With input from Reuters, the Financial Times, Forbes and CNBC.
Alphabet showed up to the AI race with swagger this week, and Wall Street noticed.
On Wednesday’s post-earnings call — the first since Google rolled out Gemini 3 — executives sounded a lot more sure of themselves than they did a year ago, when investors pegged the company as lagging behind AI rivals and punished the stock. Now the story is flipped: Alphabet is being talked about as a leader, with AI investments finally starting to pull through across the business.
“Overall, we’re seeing our AI investments and infrastructure drive revenue and growth across the board,” CEO Sundar Pichai said, pointing to what he called clear gains in both consumer and enterprise businesses.
Google’s Gemini app hit about 750 million monthly active users at the end of the December quarter — up from 650 million — and Pichai said engagement per user has jumped since Gemini 3 launched. For context, OpenAI’s ChatGPT was said to have topped 800 million weekly active users back in October.
Gemini 3 is now baked into Google Search’s “AI Mode” and powers the enterprise version of Gemini, which Pichai said has about 8 million paid licenses. That momentum helped Alphabet beat expectations: quarterly revenue of $113.8 billion and EPS of $2.82, with annual revenue crossing $400 billion for the first time ($402.8 billion).
The wins haven’t come cheap. Alphabet surprised investors by flagging a potential doubling of capital spending next year — forecasting $175 billion to $185 billion in capex for 2026 after spending $105.7 billion in 2025 — to bulk up AI compute capacity. That initial capex shock sent shares lower in after-hours trading, but the market quickly steadied when results showed Google Cloud booming (revenue up 48% to $17.7 billion) and AI-driven gains across Google Services.
That mix of heavy spending plus visible revenue traction is exactly what investors have been waiting for: big AI bets that actually show a return.
“This time last year, every announcement by OpenAI to do business with somebody was applauded,” Paul Meeks of Freedom Capital Markets said — but late-2025 sentiment shifted as investors fretted about how much revenue and infrastructure exposure other companies have tied to OpenAI.
Meanwhile, Alphabet’s stock has climbed roughly 36% over the period, and the market is rewarding the company for both scale and apparent self-sufficiency.

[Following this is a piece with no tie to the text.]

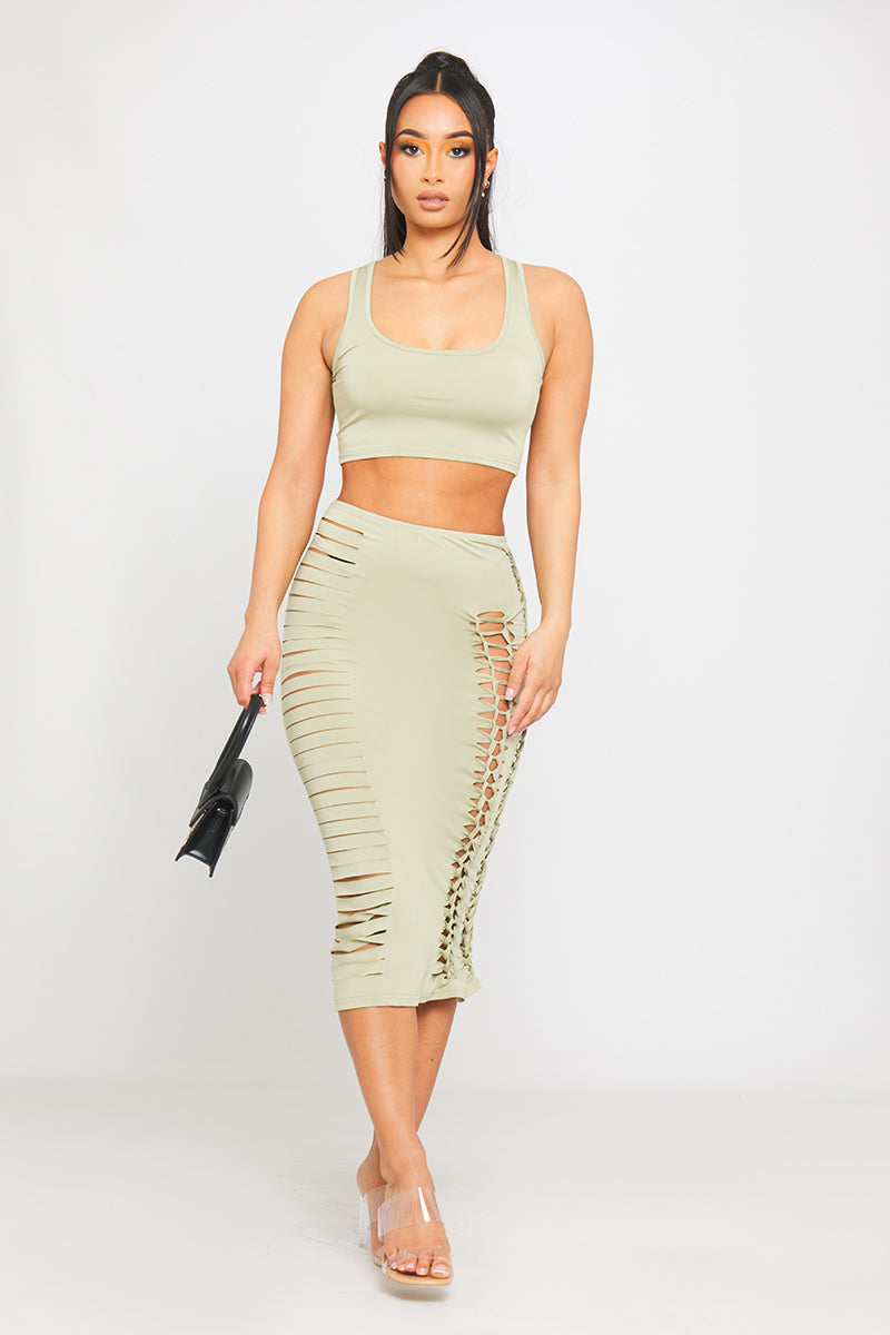 Sage Green Cut Out Braid Detail Crop Top & Midi Skirt Co-Ord

Alphabet’s recent deals — including partnerships to power Meta and Apple products and infrastructure — have filled its war chest. That’s helped the company sit shoulder-to-shoulder with Nvidia and Apple among the handful of firms with market caps above $4 trillion, and brought it within striking distance of Nvidia as one of the world’s biggest companies.

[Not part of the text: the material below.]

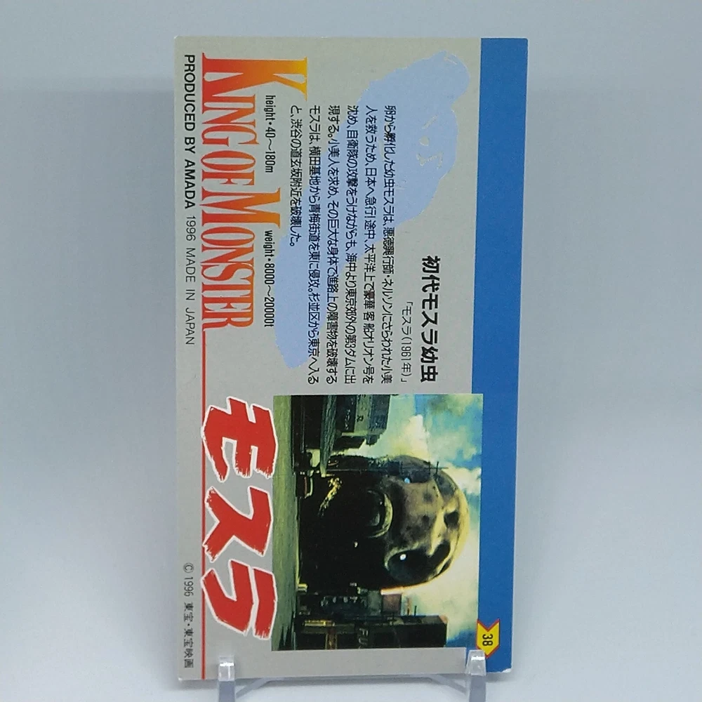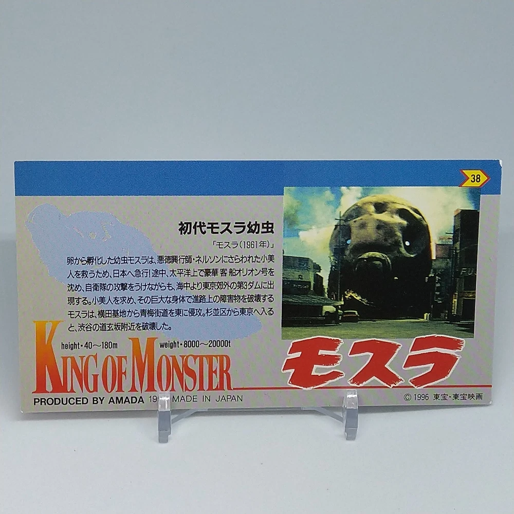 Mothra Larva King of Monster Amada Wide Collection Trading Card No.38 1996 Description Please see the picture for the details of damages and dirt or ask us before your purchase. 100% Authentic or Money Back Guaranteed. (Do not worry you are protected by eBay and eBay Managed Payments) See the pictures for more details. If you have any question about the condition, accessories, or anything about the product, please feel free to message us. We are glad to answer all your concerns. Payment Same as ebay payment method. Shipping Economy shipping: Delivery time will be about 11 - 23 days. Standard shipping: Delivery time will be about 5 - 10 days. Expedited shipping: Delivery time will be about 1 - 4 days. Terms of Sale Money back guarantee within 30 days if returned by customer. We would not be able to accept your bid if you; 1) Don't have a PayPal account. 2) Have unpaid items reported. 3) Have a primary shipping address in countries you don't ship to. 4) Have reportedly violated eBay policies. 5) Have a Feedback score lower than the number you specify. International Buyers - Please Note: Import duties, taxes and charges are not included in the item price or shipping charges. These charges are the buyer's responsibility. Please check with your country's customs office to determine what these additional costs will be prior to bidding/buying. These charges are normally collected by the delivering freight (shipping) company or when you pick the item up - do not confuse them for additional shipping charges.

Analysts still see risk. OpenAI is signing multibillion-dollar deals even as it runs at a loss, which makes some investors nervous about the funding behind those contracts. Firms with heavy ties to OpenAI, like Oracle and Microsoft, have seen rough patches in their share prices, while Alphabet has so far enjoyed a more positive narrative.
Bottom line: Alphabet’s message is straightforward — build big AI infrastructure, ship improvements that users love (hello, Gemini 3), and the money will follow. The market seems willing to buy that thesis for now, as long as the AI spending keeps producing measurable returns.